REQUIRED WORK.
Once the pictures are removed, reproduce what is left of the data below exactly.
---------- SUPPLIED INFORMATION ----------
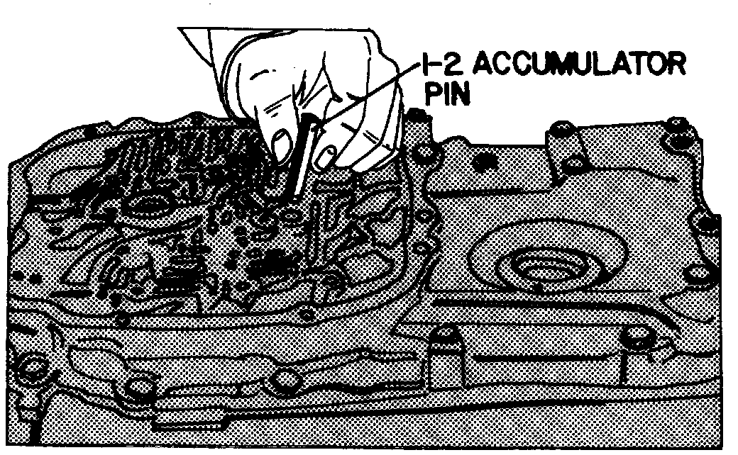 8. Remove 1-2 accumulator piston and pin. Check for wear or damage.
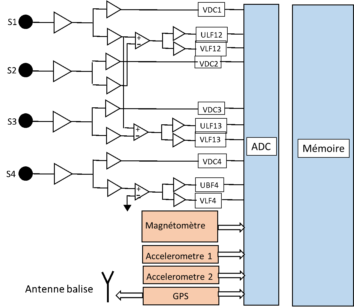 - A magnetometer that allows for the orientation of the nacelle, and thus the components of the AC and DC fields in a reference frame linked to the Earth.
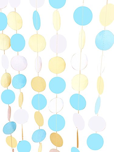 Fonder Mols 4 pack 10-feet Circle Dots Paper Party Garland Backdrop Color White Turquoise Yellow
----------
ANSWER TO THIS PROBLEM.
 8. Remove 1-2 accumulator piston and pin. Check for wear or damage.
 - A magnetometer that allows for the orientation of the nacelle, and thus the components of the AC and DC fields in a reference frame linked to the Earth.
 Fonder Mols 4 pack 10-feet Circle Dots Paper Party Garland Backdrop Color White Turquoise Yellow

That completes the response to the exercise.